Startup both C* nodes and start the C* process. If you have followed previous posts all you should need to do it type “cassandra” at the command prompt, do one node at a time.
Run “nodetool status” and you should see both nodes in your cluster.
$ nodetool status
Download the necessary files to your server.

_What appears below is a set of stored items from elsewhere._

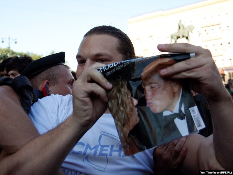 Этого гражданина задержали за журнал с фотографией целующихся Юрия Лужкова и Елены Батуриной.
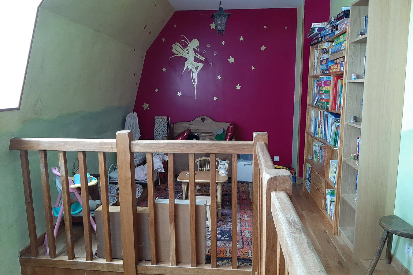 – Une mezzanine dédiée aux enfants : jeux, déguisements, marionnettes, livres…
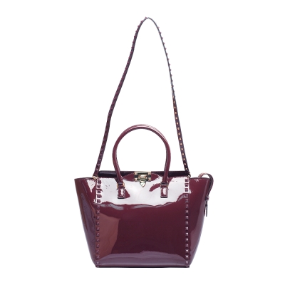 VALENTINO DOUBLE HANDLE BAG鉚釘小牛漆皮金屬釦拉鍊兩用包(藕紫)
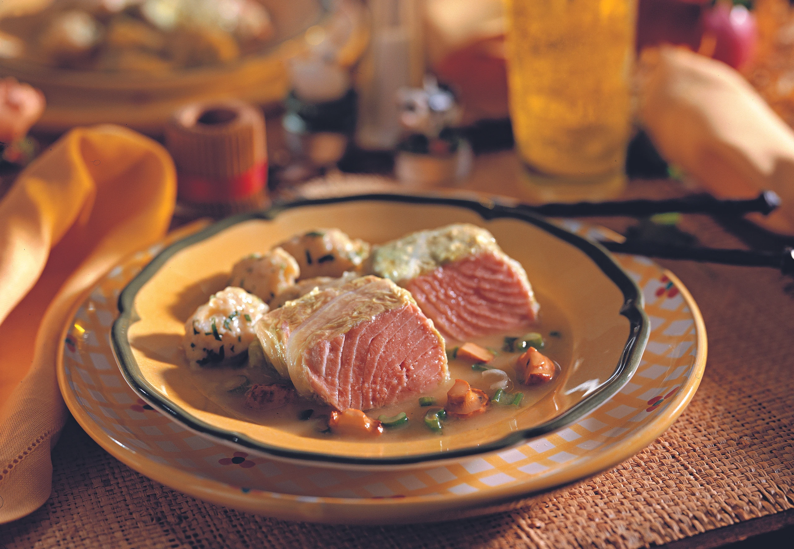 Fisch aus der Form heben, gut abtropfen lassen und warmstellen. Den beim Garen entstandenen Fond für die Zubereitung des Eierschwammerl-Fonds verwenden und mit dem Fisch servieren.
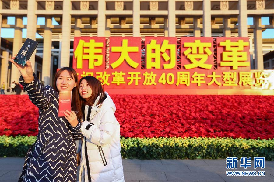 12月18日,參觀者在“偉大的變革——慶祝改革開放40周年大型展覽”外自拍留影。 截至當(dāng)日,在中國(guó)國(guó)家博物館舉行的“偉大的變革——慶祝改革開放40周年大型展覽”累計(jì)參觀人數(shù)突破160萬人次。 新華社記者 張玉薇 攝

cd /home/cassandra wget http://nosqldiaries.com/wp-content/uploads/2018/08/schema.txt wget http://nosqldiaries.com/wp-content/uploads/2018/08/movies.csv wget http://nosqldiaries.com/wp-content/uploads/2018/08/ratings_by_movie.csv wget http://nosqldiaries.com/wp-content/uploads/2018/08/ratings_by_user.csv wget http://nosqldiaries.com/wp-content/uploads/2018/08/users.csv
Now start cqlsh and create the schema and import the data
3.1 start cqlsh
3.2 create the movielens schema
3.3 check the schema
desc keyspace movielens ;
3.4 Now copy the data from the csv files into our database
COPY movielens.movies FROM 'movies.csv' WITH DELIMITER=','; COPY movielens.ratings_by_movie FROM 'ratings_by_movie.csv' WITH DELIMITER=','; COPY movielens.ratings_by_user FROM 'ratings_by_user.csv' WITH DELIMITER=','; COPY movielens.users FROM 'users.csv' WITH DELIMITER=',';
3.5 Quickly verify the data
select * from movielens.movies limit 10; select * from movielens.ratings_by_movie limit 10; select * from movielens.ratings_by_user limit 10; select * from movielens.users limit 10;
Flush the data to disk.
Calling nodetool flush is needed in order to ensure our memtables have been written to disk. If we didn’t do this, our data would be sitting in memory, and compaction requires data to be written to disk.
We now have a Cassandra database with test application data in it. We can now use this for testing and learning.